# Any memorable retrieves yet this season?



## NDTerminator (Aug 20, 2003)

The best part of hunting with a gundog is seeing one of those retrieves where breeding, training, talent, and drive all come together.

Myself, I can never get enough of hearing about great gundog work, so post up your good ones.

My 5.5 year old Josie made another of her long run of remarkable blinds on Sunday morning. We were pass shooting a saddle between two sloughs, with one side knee-waist high CRP. I hit a drake mallard a good 50 yards up (farther than I usually shoot, but the shot really felt right...).

It was flying but losing altitude, so went down in the CRP on the other side of the hill, a good 200+ yards away, as it turned out very much alive but unable to fly. Because of the canes we were in and the CRP, neither of my dogs were able to mark the fall.

I got Josie out of the canes so she could see my casts, lined her up, and sent her on about as blind of retrieve as there is. There was a good breeze so I purposely gave her a line downwind of where I thought the bird had landed. It took two casts to get her where I wanted, then she disappeared over the hill and the blind was all her's.

In less time than it takes to write this, she was on her way back with the drake. As it turned out he was pretty well centered in the pattern, but those darn steel 4's at that range lacked the weight/velocity to penetrate to the vitals.

Once again a bird was recovered that would not have been, had I not had a good, well trained gundog...


----------



## taddy1340 (Dec 10, 2004)

Great story! I bet you may not even hunted an area like that w/out your dog. Those would be hard ducks to find on your own. Quality Gundogs provide a lot of opportunities and are great sources of conservation.

Thanks for sharing...

Mike


----------



## USAlx50 (Nov 30, 2004)

Good story, its a great feeling seeing all that training coming together. I got a kick out of my dog on sunday when he did a summersault while tackling a goose because he didn't slow down his speed when hitting it.


----------



## ruger1 (Aug 16, 2006)

Not to bad for a 9 year old dog. She's still got a little left in her.


----------



## cgreeny (Apr 21, 2004)

My 8 yr old black lab Guss made a great retrieve over a hill in a stubble field and all the way down to a big slough I marked where the bird was last seen heading down toward the water, and I sent the dog and after a few minutes emerged with the bird, a great retrieve and another highlight was watching him bring back a drake black duck shot in the dekes, I should have took some pics. Next time. Hunting with a dog is the best.


----------



## NDTerminator (Aug 20, 2003)

I bet your old gal was feeling pretty darn good about herself after that retrieve, Ruger...


----------



## kevin.k (Dec 31, 2005)

Had a winged partridge hover above the ground for about a quarter mile and my 2 year old yellow lab stayed underneath it the whole time till it dropped and she brought it back to my hand.


----------



## NDTerminator (Aug 20, 2003)

Josie turned in another of her trademark blinds yesterday morning.

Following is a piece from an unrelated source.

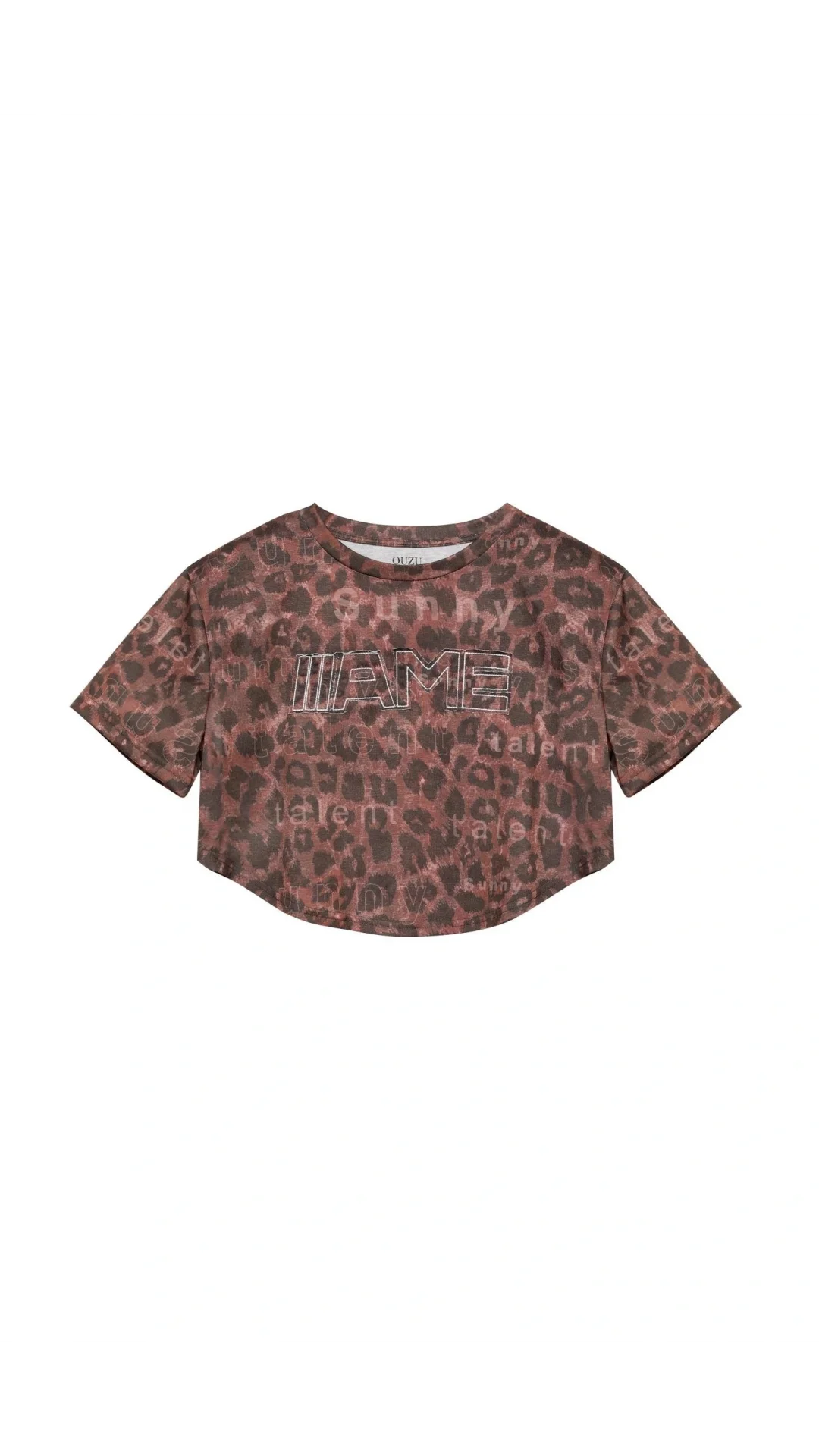 Nakış Detaylı Leopar Desenli T-shirt Kahve

A young co-worker of my wife's has never gotten a can and wanted a bull to mount in the worst way, so we took him out to one of our can hotspots.

Around 9:00AM he body hit a big full color bull on a 50 yard high passing shot. It covered another 200 yards before folding up and going down in that darn CRP.

I lined Josie up and sent her. Took 5 casts to get her in the position, then she nailed the bird. The number of casts were not her fault; I was purposely handling her very methodically in that grass.

It was a perfect full color bull with only one pellet hit in the body, I don't think I've ever seen a better one for mounting. When I handed that bird to the young man, he darn near cried for joy.

Josie and I were showered with thanks for the next two hours.

She also made a land/water mark of about 175 yards on a drake mallard, but that was much less remarkable as we were on a hill aways from James & Toni when James knocked it down so Josie was able to easily mark that fall...


----------



## taddy1340 (Dec 10, 2004)

NDTerminator said:


> Josie turned in another of her trademark blinds yesterday morning.
> 
> A young co-worker of my wife's has never gotten a can and wanted a bull to mount in the worst way, so we took him out to one of our can hotspots.
> 
> ...


Thanks for sharing! Did you do your own training?

Mike


----------



## taddy1340 (Dec 10, 2004)

Well, yesterday was duck opener here in Idaho. Also, it was Maggie's first hunt out of a boat and in a large river. She was very steady and did great. On her first retrieve, I walked out about 15 yds because I wanted the first bird and to send her on the second. Wouldn't you know it...she wouldn't return to me...instead she just kept swimming downstream towards the bank. She ran the bank back to me and I sent her on the second. Again, she went downstream about 50 yds before running the bank back to me.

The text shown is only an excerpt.